La singular insatisfacción de Yan Zabor con la naturaleza, tal como se


presenta ante los hombres, se hizo notar ya durante su infancia. Su madre se
dio cuenta de que no podía soportar los prados en que la hierba crecía torcida
o cruzada. Ante su insistencia, sus padres acabaron comprándole varios tubos
de ensayo de tres milímetros de diámetro. Colocó los tubos encima de sendas
briznas de hierba y hundió el extremo abierto en la tierra. Bajo el cristal, las
briznas de hierba crecían derechas hacia el cielo, verticales y paralelas, lo cual
parecía «más correcto» a Yan. Sus padres vieron en este juego singular un
reflejo de la militarización de la sociedad, que también los niños podían
observar por doquier. Sin embargo, desecharon esta idea por demasiado
simplista. En otra ocasión se sacó un trozo de tiza del bolsillo del pantalón y
trazó con cuidadoso detalle dos líneas paralelas de más de doscientos metros
por el empedrado y una pared de la casa, con el fin de demostrar por dónde
habría debido pasar la única línea de tranvías de Emden. Si se miraban con
atención, se veía que Yan había descrito curvas para limitar la velocidad. De
haberse llevado a cabo su plan, no sólo habrían cambiado de dirección las
vías, sino que habría sido preciso reformar el trazado de la calle y hacer
retroceder unos metros la fachada de una casa. Esta notable tendencia, por
cierto bastante desconsiderada, a corregir algo de las cosas para prestarles un
aspecto más elegante, se fue manifestando cada vez más.

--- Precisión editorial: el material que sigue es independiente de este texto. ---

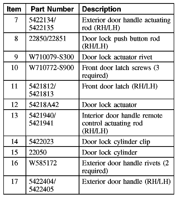 Front Door Handles, Locks and Latches - Exploded View
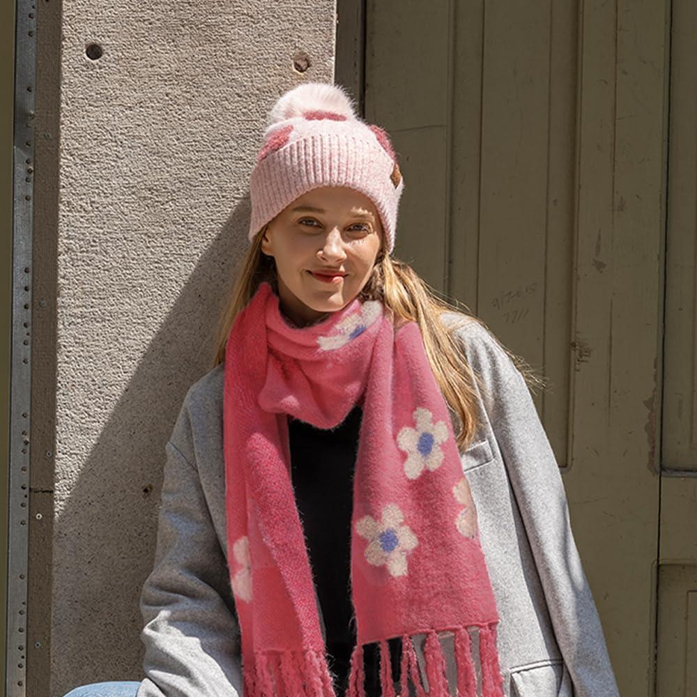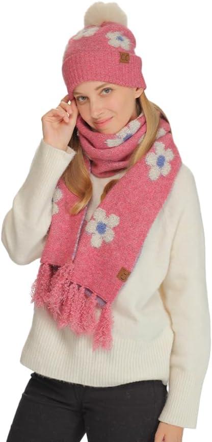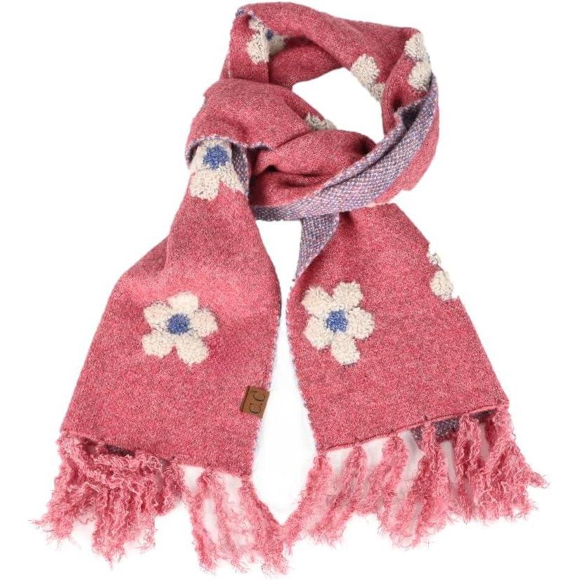 C.C Fall Winter Mulitcolored Flower Print Woven Scarf for Women(Heather Rose)
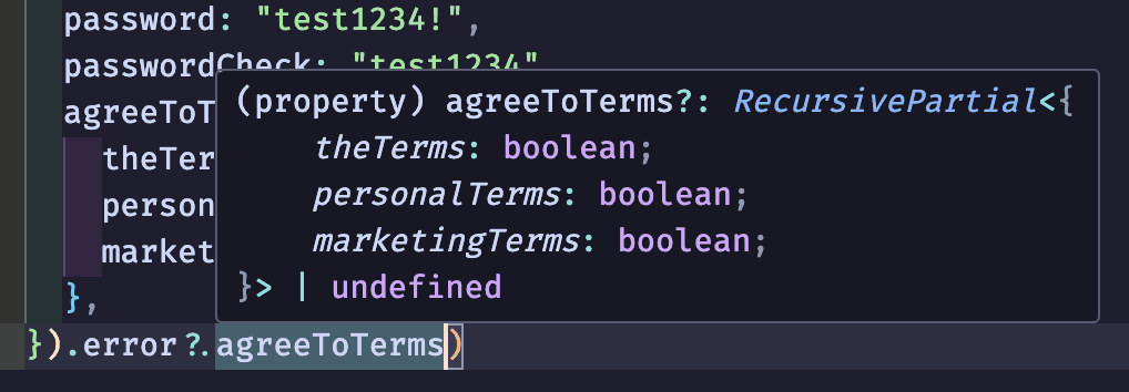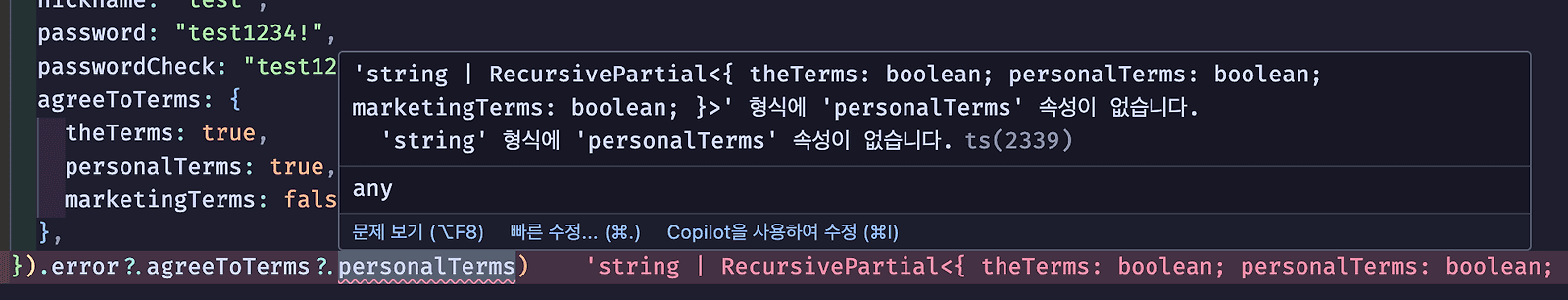RecursivePartial 타입을 아래와 같이 수정한다고 가정해보겠습니다. 이 경우 점 표기법 등으로 깊숙한 위치의 프로퍼티에 접근할 때, 각 단계에서 해당 값이 string이 아닌 object인지 매번 확인해야 합니다. 그렇지 않으면 모든 프로퍼티 접근 시 타입 에러가 발생하게 됩니다. 따라서 root 값에 접근하는 경우에 대해 실제 타입을 그대로 반영하기보다는 그때그때 as string으로 단언해버리는 편이 훨씬 덜 번거롭다고 판단했습니다.
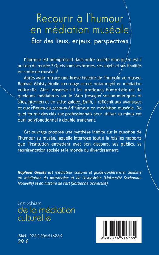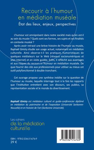 L'humour est omniprésent dans notre société mais qu'en est-il au sein du musée ? Quels sont ses formes, ses sujets et ses finalités en contexte muséal ? Après avoir retracé une brève histoire de l'humour au musée, Raphaël Ginisty étudie son usage actuel, notamment en médiation culturelle. Ainsi observe-t-il les pratiques humoristiques de quelques médiateurs sur le Web (réseaux socionumériques et sites internet) et en visite guidée. Enfin, il réfléchit aux avantages et aux risques du recours à l'humour en médiation muséale. De quoi fournir des clés aux professionnels pour utiliser au mieux cet outil polyfonctionnel à double tranchant. Cet ouvrage propose une synthèse inédite sur la question de l'humour au musée, laquelle interroge tout à la fois les rapports que l'institution entretient avec son discours, ses publics, sa représentation sociale et le monde du divertissement.
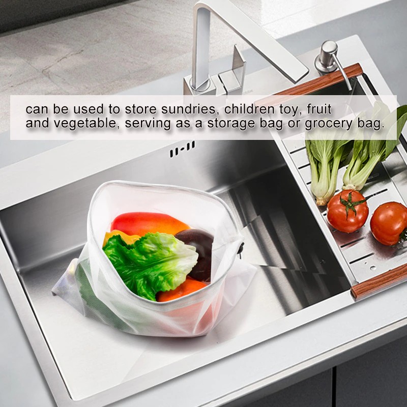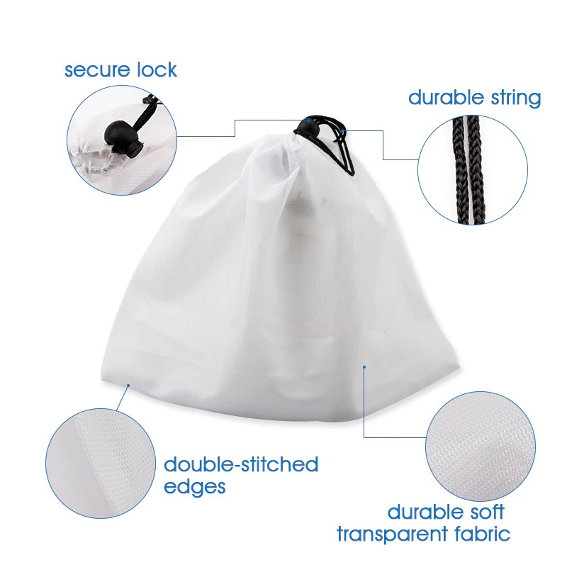 Está hecho de malla de poliéster fuerte, ligera, fácil de ver, sin plástico y que protege el medio ambiente. Nuestras bolsas de malla se pueden lavar a máquina.

Cuando tuvo que ir a la escuela a los seis años, no eligió el camino
normal, sino uno muy poco corriente. Hasta la primera esquina de la
Geibelstrasse (hoy August-Bebel-Strasse) iba en compañía de su primer
amigo y de su primer «enemigo». Allí les dejaba tomar el camino tradicional
por encima del muro y él corría en zigzag por diversas callejuelas. Como
sigue un avión la señal de radar, seguía el vuelo imaginario de un pájaro y en
un punto determinado no se recataba de pisar el jardín y el huerto de un asilo
de ancianos. El «enemigo» tenía el extraordinario nombre de Elso
Schweinebraten[1] y sólo por este nombre le declaró Yan un día la guerra.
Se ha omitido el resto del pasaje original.